Pablo Ledesma, Direktor für Engineering und Betrieb der Bereiche Netzwerke, Services und IT bei Telefónica Spanien, erklärt: „Dieses Projekt birgt zahlreiche Herausforderungen. Eine davon ist die präzise Gewährleistung einer differenzierten Infrastrukturwartung. Wir möchten außerdem die Klimatisierungssysteme im gesamten Gebäude, in dem die Anlagen für die Telefónica-Dienste wie Glasfaser und Mobilfunk untergebracht sind, optimieren, um maximale Energieeinsparungen zu erzielen. Darüber hinaus ermöglicht dieses Projekt den Zugang zu modernster Technologie für die Herausforderungen bei der Implementierung von Cloud- und Edge-Services.“
Karsten Winther, Präsident von Vertiv in Europa, dem Nahen Osten und Afrika, erklärt: „Neben den Vorteilen hinsichtlich der Reduzierung des CO₂-Fußabdrucks hat dieses Modell auch positive finanzielle Auswirkungen für das Unternehmen. Telefónica erwartet, sowohl die Energiekosten als auch den CO₂-Fußabdruck zu senken, ohne dafür Zeit aufwenden zu müssen, sodass das Unternehmen 100 % seiner Ressourcen in sein Kerngeschäft investieren kann.“
Zusätzlich zu den bereits in den letzten Monaten des Jahres 2023 optimierten Vermittlungsstellen wird Vertiv im Jahr 2024 weitere über zehn Telefónica-Gebäude in ganz Spanien optimieren: von Madrid bis Barcelona, darunter auch Saragossa, A Coruña, Málaga und Valencia. Die erzielten Ergebnisse entsprechen dem Sparplan, und die Ausweitung auf weitere Unternehmen der Telefónica-Gruppe ist in Arbeit.

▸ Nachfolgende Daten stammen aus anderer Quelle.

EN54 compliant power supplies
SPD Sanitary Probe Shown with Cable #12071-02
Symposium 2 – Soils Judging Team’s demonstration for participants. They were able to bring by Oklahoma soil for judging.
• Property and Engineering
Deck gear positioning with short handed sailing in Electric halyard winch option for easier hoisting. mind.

„Vertiv ist ein erfahrener Partner mit profunden Kenntnissen unserer Infrastruktur und damit der ideale Partner für dieses innovative Projekt. Diese Initiative wird uns helfen, unsere Energie- und Emissionsziele zu erreichen: Wir verbessern unsere Energieeffizienz, um unseren Energieverbrauch pro Verkehrseinheit (MWh/PB) bis 2025 um 90 % zu senken, reduzieren die Scope-1+2-Emissionen bis 2030 um 90 % und erreichen bis 2040 Klimaneutralität entlang unserer gesamten Wertschöpfungskette. Wir wissen: Das beste Kilowatt ist das, das wir nicht verbrauchen. Wir wollen uns damit nicht zufriedengeben und werden dieses erfolgreiche Projekt auf so viele Standorte wie möglich ausweiten“, kommentierte Enrique Blanco, Global CTIO bei Telefónica.

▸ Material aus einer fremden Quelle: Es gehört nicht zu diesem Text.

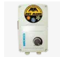
PANEL DE CONTROL FRONTAL DE FRONT CONTROL PANEL, 1-SPEED OR VARIABLE FLOW.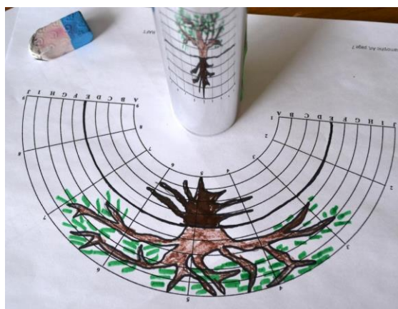
Figure 2: A drawing from a rectangular grid was mapped onto a polar coordinate system; the distorted drawing is transformed into a recognizable image by reflection in a cylindrical mirror.

Make an anamorphic design. Participants will make their own picture in the Cartesian grid and transfer the design into a polar grid by mapping the points from one system of coordinates to the other (Fig. 2). The cylindrical mirror will then be used to view and enjoy the final art work. This activity introduces younger students to coordinate systems and motivates them to use coordinates to locate and reproduce images. From the artistic point of view this activity has a great potential to allow students express their artistic abilities through experimentation with color, effects, and materials. Depending on students abilities they can be asked to color pictures in the polar grid, transfer and color an (already drawn) image from a Cartesian grid to a polar grid, or in the case of artistically advanced students, hand-draw an image without the guidance of a grid.

„Dieses wegweisende Modell, das in Zusammenarbeit mit Telefónica erfolgreich umgesetzt wurde, lässt sich auf andere Standorte und Länder übertragen, sodass auch andere Organisationen von höherer Effizienz und Kosteneinsparungen profitieren können. Damit ist Vertiv bestens positioniert, um Unternehmen bei der Reduzierung ihres Energieverbrauchs zu unterstützen, indem wir ihnen modernste kritische Infrastruktur, Technologie und erfahrene Fachkräfte zur Verfügung stellen“, so Karsten Winther abschließend.